The idea behind a snubber is connecting a capacitor across the contacts. This way the change of voltage cannot change rapidly. In other words, at the moment of time the relay contacts open, the capacitor will be empty and keep the voltage across the contacts zero (for a very short time, the more capacitance the longer). The capacitor will take the load current and get charged by it. That would be nice, if we would not have to close the contacts as well. The worst case here is that the mains voltage is just at its maximum, and due to this the capacitor is fully charged. If we now close the contacts the stored energy will instantaneously discharge into the contacts and can destroy them. For this reason, we also need a resistor in series with the capacitor that limits the current in this sitation to the maximum that the relay contacts can handle.

Summarizing:
1. capacitance as large as possible and reasonable, depending on load current.
2. resistance as small as possible, enough that the maximum switch current is not exceeded.

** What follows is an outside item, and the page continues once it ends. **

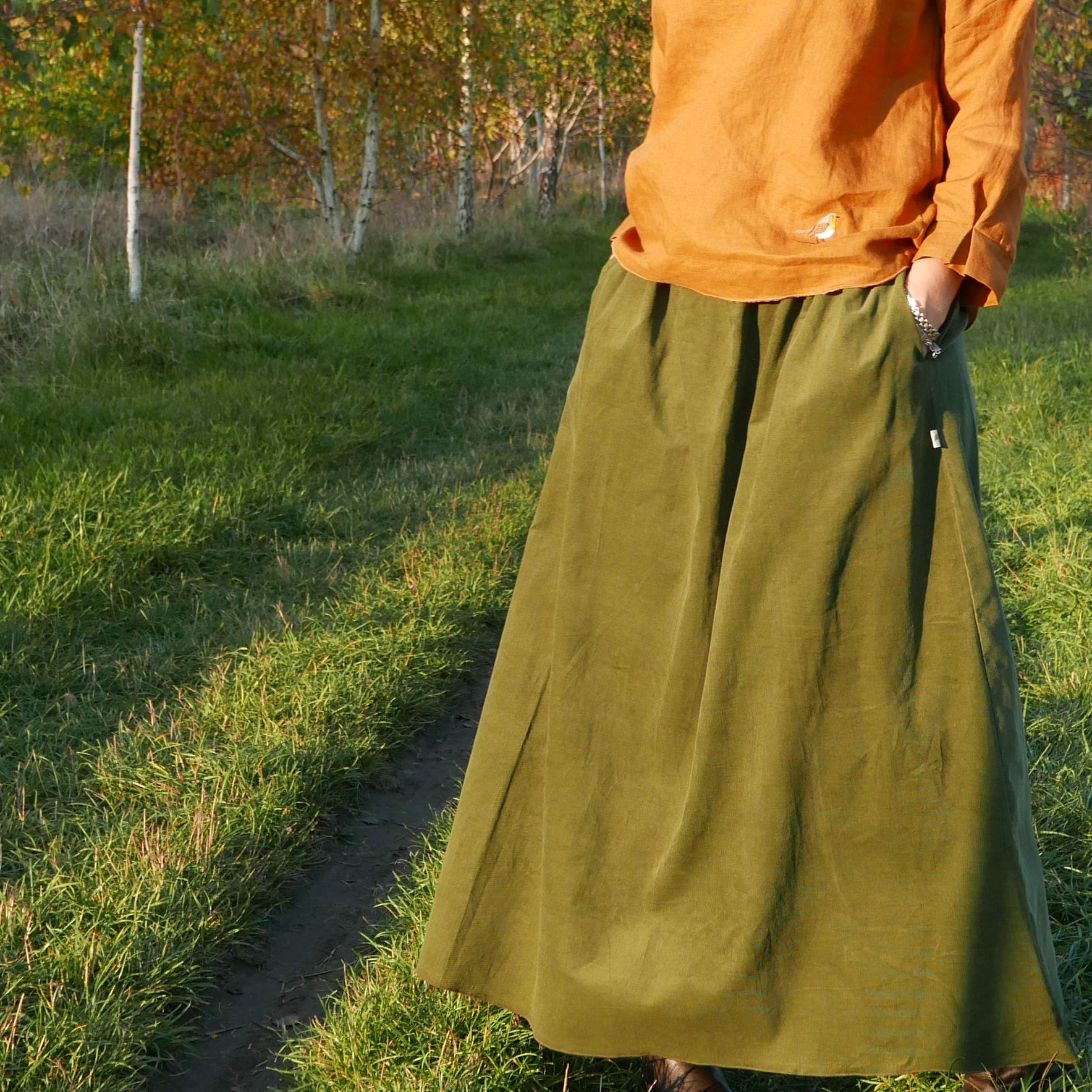 Mimo że długa do samej ziemi, jest niesamowicie lekka. Szyjemy ją z  bawełnianego sztruksu, który zachwyca miękkością i delikatnością. I jako naturalna tkanina jest przyjazna dla Twojej skóry.
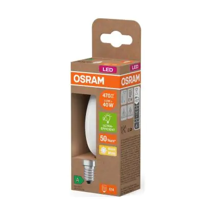Cette ampoule Osram LED Classic E14 Bougie Filament Dépolie 2.2W 470lm - 827 | Remplacement 40W avec son efficacité lumineuse de lumen par watt vous permettra de profiter d’un éclairage de qualité. Avec sa durée de vie de 50000 heures, vous n’aurez pas à vous soucier de son remplacement avant quelques années.

Condition 1 has no upper limit. Reasonable value is 100nF per 1A load current. For 10A load current you end up with a 1uF capacitor.

Condition 2: voltage = 250*1.41 = 350V, current = 10A (assuming 230V mains voltage, and that the relay is rated for 10A) ---> R=350/10 = 35 Ohms. Power rating depends on capacitor selection, as the resistor must be capable of dissipating the entire energy stored in the capacitor. The maximum stored energy in the capacitor is Q=1/2 * C * V^2 = 1/2 * 1uF * 350^2 = 0.06 joules. Assuming that the switch is not operated quicker than once per second, we get a rough picture of the required power rating of that resistor: P = Q/t = 0.06 / 1 = 0.06 W. So a standard 0.25 W resistor should be enough here.